Les enjeux géopolitiques
L’entrée de l’Angola dans De Beers aurait des répercussions au-delà du secteur minier :
- Relations Afrique – Occident : Anglo American, maison mère de De Beers, pourrait voir son contrôle remis en question. Une montée en puissance africaine pourrait rééquilibrer la gouvernance.
- Concurrence avec la Russie : le géant russe Alrosa, premier producteur mondial en volume, est fragilisé par les sanctions occidentales depuis la guerre en Ukraine. L’Afrique pourrait combler une partie de ce vide.
- Influence de la Chine : Pékin, grand consommateur de diamants et investisseur majeur en Afrique, observe de près ces évolutions. Une gouvernance africaine renforcée pourrait compliquer son accès direct aux ressources.
Les défis à surmonter
Malgré son ambition, le projet angolais devra relever plusieurs obstacles :
- Financement : la prise de participation nécessitera des milliards de dollars. Or, l’Angola fait face à une dette publique élevée.
- Transparence : le secteur diamantaire angolais est encore critiqué pour son manque de clarté. Des scandales passés liés à la Sonangol ou à la gestion des diamants de la Lunda Norte continuent de nourrir la méfiance.
- Consensus régional : bâtir une alliance avec le Botswana, la Namibie et l’Afrique du Sud demandera une fine diplomatie.
- Risque de dépendance : en s’associant à De Beers, l’Angola devra trouver un équilibre entre souveraineté et partenariat.
Vers un nouveau modèle africain ?
Au-delà des chiffres, l’initiative angolaise pose une question plus large : l’Afrique peut-elle enfin passer du statut de fournisseur de matières premières à celui de co-gouvernant de filières mondiales ?
Le succès de cette démarche dépendra de la capacité des pays africains à :
- investir dans la transformation locale (taille, joaillerie),
- réguler efficacement le secteur pour éviter la contrebande,
- construire une marque « diamant africain » valorisant l’origine éthique et responsable des pierres.
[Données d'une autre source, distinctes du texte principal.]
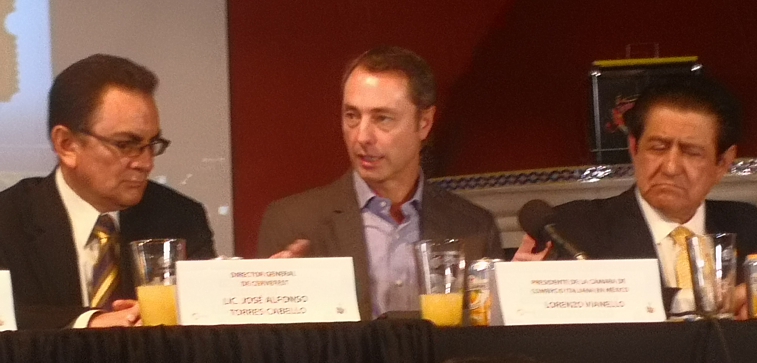 Da sinistra, José Alfonso Torres Cabello, Lorenzo Vianello e Armando Bojórquez Patrón durante la conferenza stampa. «La Camera di commercio italiana» —ha aggiunto Vianello— «mira a rafforzare le relazioni economiche tra i nostri Paesi e nei tre giorni della fiera avremo una buona partecipazione con diversi espositori, tra cui spiccano Caulier, importatore della birra artigianale Toccalmatto —la più importante nel suo tipo dello Stivale—, Doce Columnas, importatore della birra artigianale Baladin oltre a Peroni e Nastro azzurro —due delle più antiche birre industriali della nostra terra—, Impresit, anche loro con birra artigianale, e Impoveneto, con Birra Poretti». «Ci saranno anche importatori e produttori di alimenti come Los Sabores del Chef Giuseppe —con pasta, lasagne, limoncello, ecc.—, Porkit, con la loro porchetta —un piatto tipico dell'Italia centrale a base di carne di maiale—, gelati di Frozzeto e pasta fresca dello Chef Mauricio della Trattoria Palacio. Giuseppe Miele, della Piccola Trattoria —un punto di riferimento per chi mangia la pizza a Polanco—, preparerà panini con salsicce aromatizzate con un'erba tipica napoletana e, infine, Joshua Serrano —vincitore nel 2017 del Campionato messicano della Pizza— preparerà la pizza fritta». L'ottava edizione della Feria Internacional de la Cerveza si terrà il 15, 16 e 17 marzo 2019 presso il Deportivo Club Acalli, Camino Viejo a Cuemanco S / N, Col. Barrio Concepción Tlacoapa, C.P. 16034, Xochimilco Città del Messico. Gli organizzatori prevedono la partecipazione di circa 30 mila persone durante il fine settimana. (massimo barzizza / puntodincontro.mx)

Conclusion : une bataille pour la souveraineté
Si l’Angola réussit à acquérir une part dans De Beers, ce sera un tournant historique : pour la première fois, des pays producteurs africains siégeraient directement dans l’actionnariat du plus grand négociant de diamants au monde.
Ce mouvement traduirait une volonté de souveraineté économique, mais aussi de réécriture de l’histoire. Pendant plus d’un siècle, l’Afrique a été le théâtre d’une exploitation qui enrichissait d’autres continents. Aujourd’hui, elle aspire à devenir l’architecte de son propre destin dans l’un des marchés les plus symboliques du capitalisme mondial.
Le diamant, jadis surnommé « la malédiction africaine », pourrait alors devenir un levier d’unité et de puissance collective.